The UN Special Rapporteur on the rights of persons with disabilities highlighted Artificial Intelligence (AI) in his remarks to the UN General Assembly (Citation2021), noting “unprecedented and rapid growth in the use by States of artificial intelligence, automated decision-making and machine-learning technologies.” (p. 1), invoking the need to initiate and inform a debate in this area (OHCHR, Citation2001). However, he also warned of the dangers of its being (sometimes unintentionally) marginalizing people with disability. The Special Rapporteur highlights that once the rights of persons with disabilities are placed at the center of this debate, and risks addressed, then the practical benefits of artificial intelligence might be realized (OHCHR, Citation2001).

Artificial intelligence can be broadly understood as the capability of a computer system to perform tasks typically requiring human-level intelligence such as speech recognition, visual perception, and object classification. There are different applications of AI that we see presented to the market with perhaps the most notable being generative AI. Generative AI, an AI system that generates text, images, and audio (amongst other outputs) is just one of the various permutations of AI; others include embodied AI (drones, robots, autonomous vehicles), human-in-the-loop AI (medical diagnosis, facial recognition), and transfer learning AI (natural language processing, translation).

Many forms of AT are already digitally “connected” and each of the above forms of AI has potential applicability for AT. AI is involved in the development of assistive robots, autonomous wheelchairs, and guidance systems for people with visual impairments (Kahraman & Turhan, Citation2021; Kim et al., Citation2023; Lim et al., Citation2022). Facial recognition technology has been explored for helping people who have difficulty with social interaction (Adiani et al., Citation2023). Some AI technologies are in widespread use already. Speech recognition, for example, doesn’t feel like emerging technology to many of us, but AI systems are revolutionizing our traditional speech recognition systems and their application in AT. Smart home systems, now largely powered by AI, are shown to have a positive impact on independent living skills, quality of life, and psychological well-being (Landuran et al., Citation2022; Seidel et al., Citation2022).

However, these emerging technologies are not without challenges. While AI may be fast, reliable and able to manage huge amounts of data, this usually involves learning from a data “training set,” from which algorithms (rules for problem solving) can be developed – such as identifying the characteristics of potentially good workers from existing worker profiles and performance records. However, if “training sets” don’t include diverse groups then their opportunities may be progressively diminished, as “the usual suspects” are selected and constitute an ever grouping “training set.”

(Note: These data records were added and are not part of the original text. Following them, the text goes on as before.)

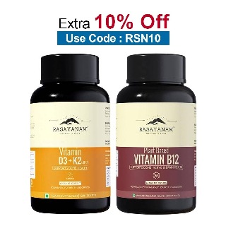 Vitamins & SupplementsVitaminsVitamin DRasayanam Vitamin D3 K2 (MK-7) 120 Tablets & Plant Based Vitamin B12 Combo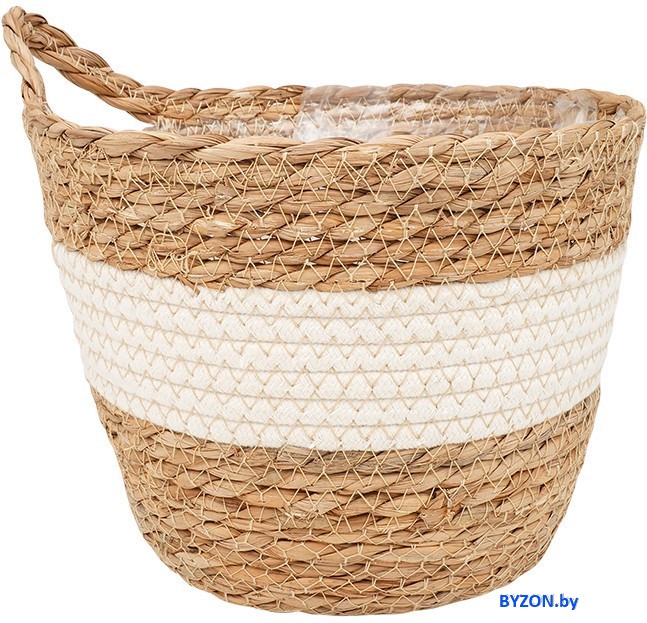 | Информация | - Плетеное кашпо идеально подходит для интерьера в стиле эко, кантри, сканди и бохо. - Внешняя часть кашпо изготовлена из натуральных материалов. - Внутри кашпо есть вкладка из полипропиленовой пленки, которая защищает плетение от плесени при поливе цветка. |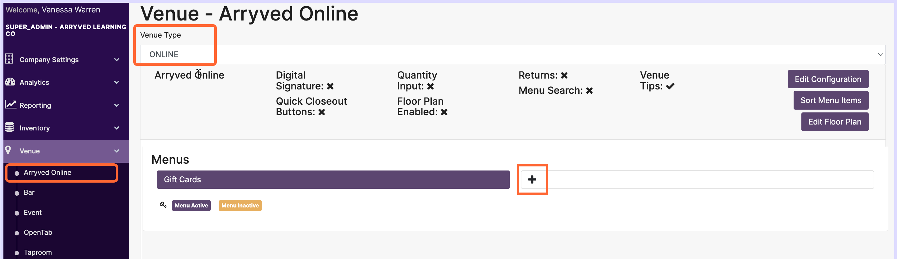 If this is your first time with Arryved Online, first click Venue + to add the new Online Store Venue you just created in the prerequisites.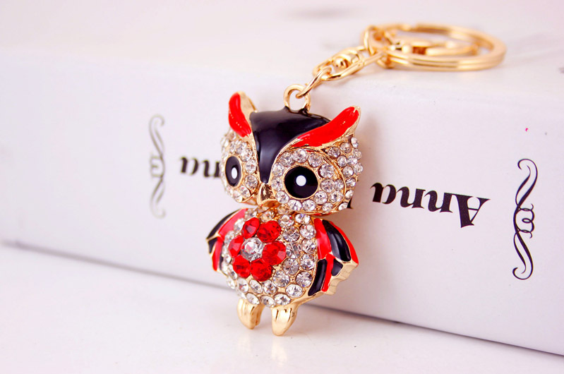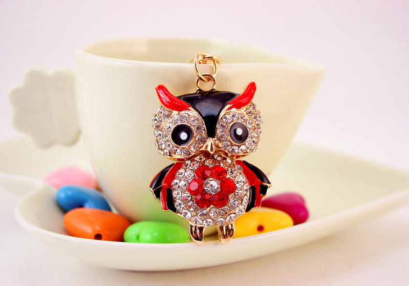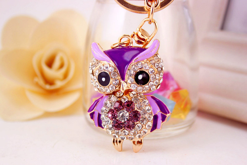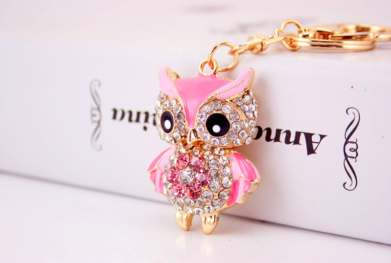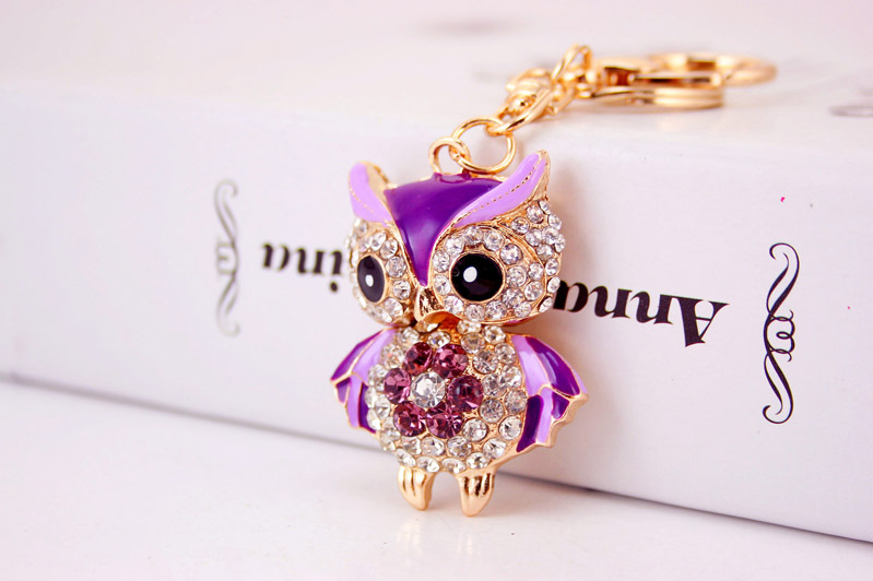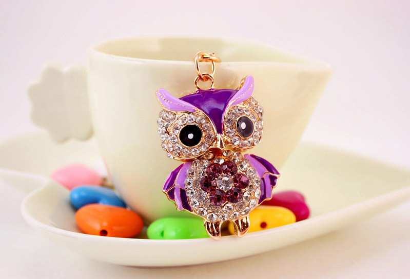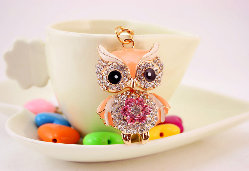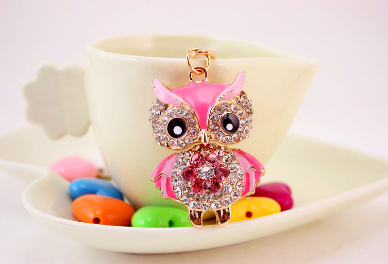 Details:Cute Owl Crystal Diamante Bag Charm Handbag Keyring Pendant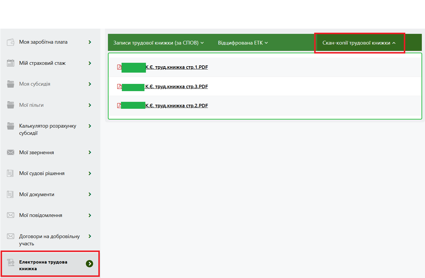 А у вкладці «Скан-копії трудової книжки» можна побачите завантажені файли.

The data that has been assembled for use in AI training comes from a variety of sources and collections, reliant on humans to achieve the level of fine-tuning and validation necessary to be useful. Consequently, it can be biased – based on subjective understanding of the data set, rather than objective criteria. Additionally, the transparency of the labeling process, the sparsity of data set characterization, unverified labels, and lack of diversity in the data collection process all lends credible challenge to ensuring an unbiased or fair data set is used to enable properly trained AI tools (Daneshjou et al., Citation2021; Kamikubo et al., Citation2022; Khan & Hanna, Citation2022). Evidence suggests a lack of diversity in AI training datasets can result in technologies which do not reflect the needs of a diversity of human experiences (Nakamura, Citation2019). AT users need to be part of the training sets for AI to ensure that their experiences, talents and requirements are part of the evolving learning of AI systems. Perhaps, and ever more increasingly, this further illustrates the crucial aspect of keeping the human in the loop when it comes to artificial intelligence in the health domain (Bakken, Citation2023).

In addition, many of the technologies themselves are still in development and have yet to address some significant barriers. Speech recognition systems continue to struggle to understand people with dysarthria (Jaddoh et al., Citation2022). Smart wheelchairs, although we are seeing components like obstacle detection systems, are still not completely accurately detecting descending stairs – a critical safety feature (Utaminingrum et al., Citation2022). Despite some long-standing AI applications in AT, the reality remains that AI is emerging technology – and may always be so, in terms of our understanding of how to best apply its potential and understand its impacts.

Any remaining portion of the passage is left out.